El capitán de remo, Roberto Naone, impulsó la refundación del club en 2007 junto a viejos socios. El objetivo era recuperar el río para la práctica del remo en un río despreciado, una masa oscura, maloliente y sucia a la que los vecinos de La Boca y los habitantes de la Ciudad le daban la espalda.

“Cuando empecé a usar la camiseta del club por la calle, mucha gente me paraba porque sabían de la anterior existencia del club y se sorprendían de su renacimiento. Así, muchos empezaron a venir y a partir de eso se generaron nuevas relaciones. Gente que se conocía del barrio, de la panadería, comenzaron a vincularse de otro modo a partir del remo y a tener otra perspectiva de la importancia del Riachuelo”, dice Roberto, que además del remo tiene una dinámica participación en otras organizaciones que hacen a la vida del barrio.
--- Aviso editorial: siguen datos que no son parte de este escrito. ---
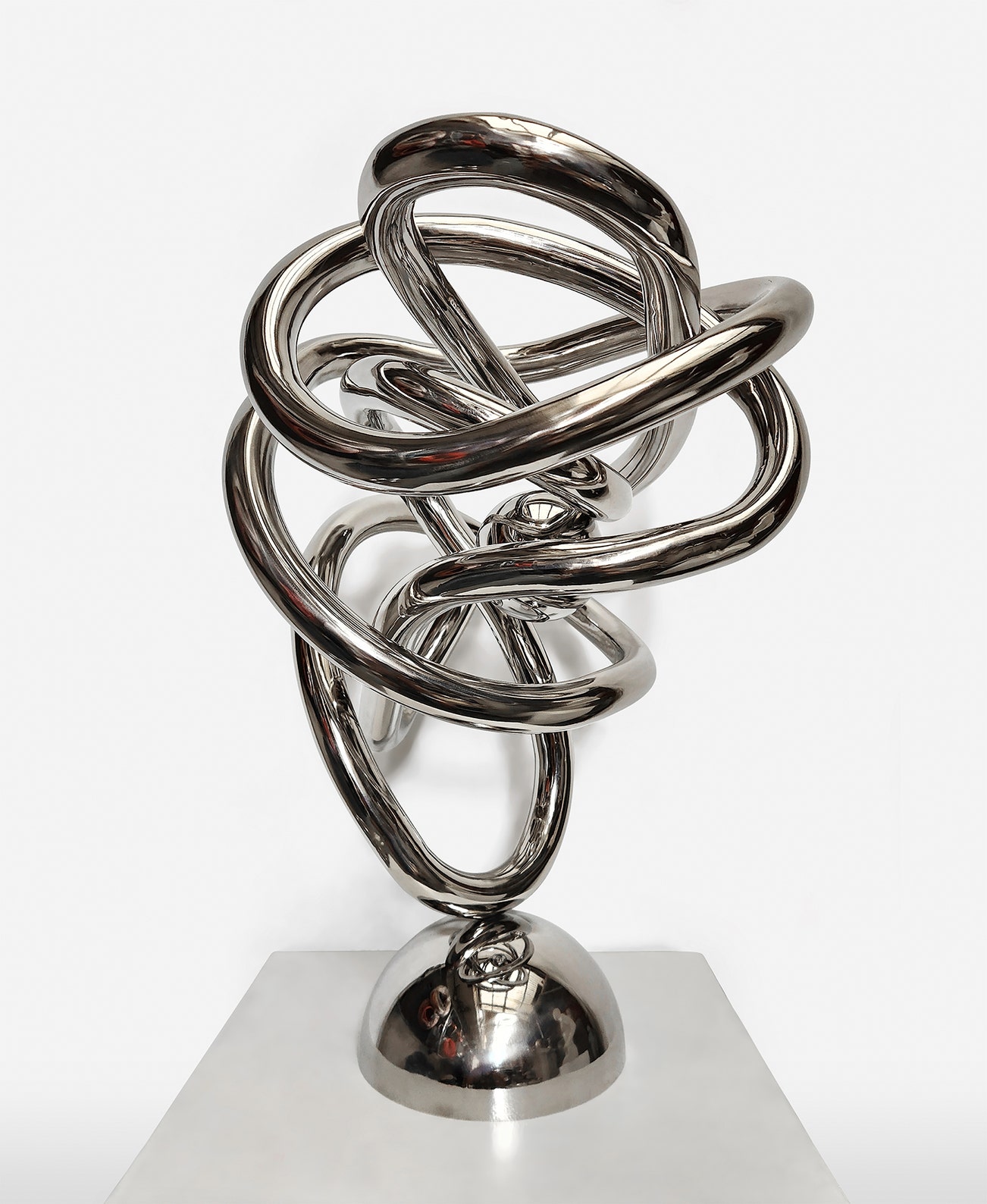 In Dragonball, Sam Penaso uses the solid medium of stainless steel to paradoxically capture a flurry of flight. The central knot forms a sphere of power, which the sculpture tracks as it twists and turns dynamically through space. The reflective quality of the steel adds to the sense of movement created in the sculpture as surrounding activities are captured on its surface.

De los 120 socios que tiene el Club, hay un grupo más o menos permanente de 30 que van remar todas las semanas y sus edades oscilan entre los 30 y más de 70 años. Una de las veteranas es Tere, jubilada de la antigua ENTEL, una de las socias más antiguas que espera tomando mate su momento de subir a remar.
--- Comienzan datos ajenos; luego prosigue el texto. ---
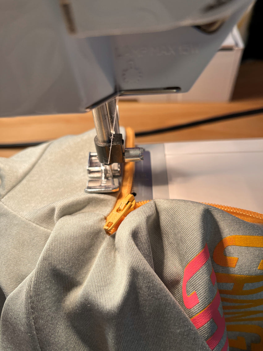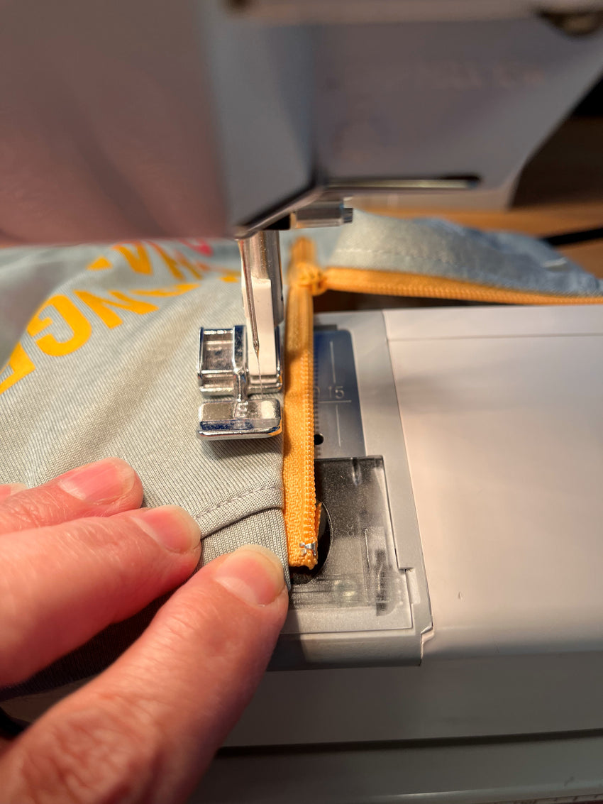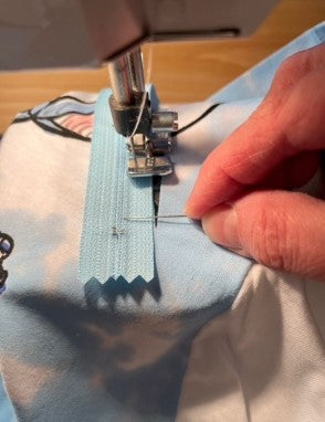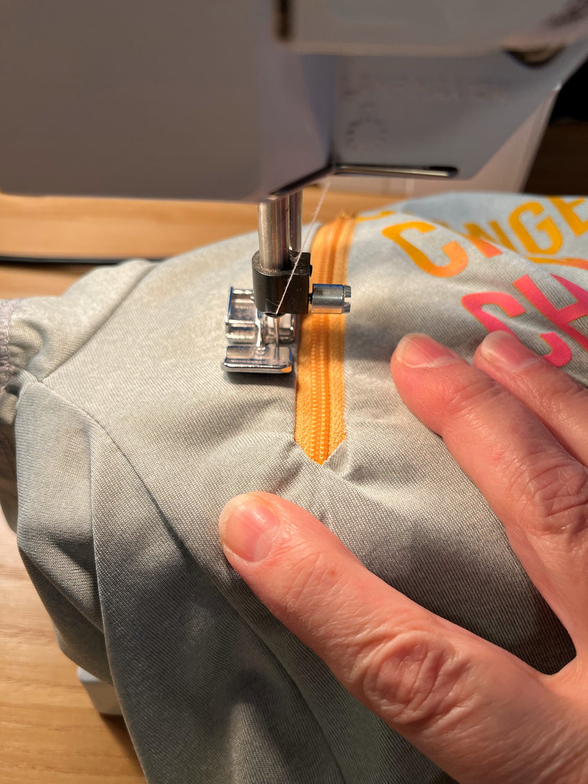Topstitch around the zipper using thread that matches the shirt or a complimentary color.

Alejandra, la vicepresidenta del Club, docente de artes, jubilada, llegó hace 4 años al club y desde el primer día no dejó de venir. A ella el remo le hizo revivir muchas sensaciones de su infancia cuando iba de vacaciones con sus padres y aprendió a remar en un bote “chinchorro”. Profesora de Bellas Artes, Alejandra dice que “el remo me impulsó a volver a pintar, algo que había dejado de lado hace mucho tiempo”.

Paola, kinesióloga, la mayor de siete hermanos con los que vivían en un típico conventillo, cuenta que el remo la hizo reconciliarse con el barrio y el Riachuelo. “Fue sanador, antes venía a la orilla a llorar por todas las cosas que me pasaban y la imagen del río estaba vinculada a esos momentos difíciles y hoy este deporte me ha dado la posibilidad de sentir de otra manera”, enfatiza.
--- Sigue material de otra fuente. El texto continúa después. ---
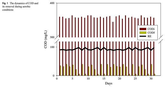 1 COD去除數據:來自圖1(好氧)和圖4(厭氧),顯示好氧條件下COD去除率高達90%,厭氧條件下為68-80%。研究意義是確認好氧處理更高效于碳去除,厭氧處理中COD貢獻于甲烷生成,為優化碳去除策略提供依據。

Recuperar el río para los vecinos, una visión popular del acceso a los deportes y actividades que se pueden realizar en él, integración con el barrio y dar pelea a los proyectos excluyentes, son las consignas que están implícitas en esta práctica que congrega a personas de distintas edades e intereses pero profundamente comprometidos con la actividad que va más allá del mero hecho deportivo.

-Roberto, una cosa más.

-Sí, decime….

-¿Qué pasa con la contaminación?

- Mirá, en este momento el mayor factor contaminante, alrededor de un 85 %, son los efluentes cloacales que la Ciudad de Buenos Aires descarga. Los residuos industriales han bajado o están en proceso de conversión. El problema es el modelo de tratamiento de los efluentes.

-¿Y esto cómo se explica?

El relato de Roberto es largo, va de las primeras cloacas después de la fiebre amarilla en 1871 hasta el actual Sistema Riachuelo, una mega obra que transporta los desagües cloacales de todo el área metropolitana a lo largo de 30 km, realizados con tuneleras de empresas vinculadas a la familia Macri. Se trata de una obra muy discutida desde ámbitos académicos por el impacto a futuro, teniendo en cuenta las transformaciones que está sufriendo el medio ambiente y por ser un diseño que desde los países centrales se considera obsoleto.

Mientras tanto continuamos remando en el Riachuelo.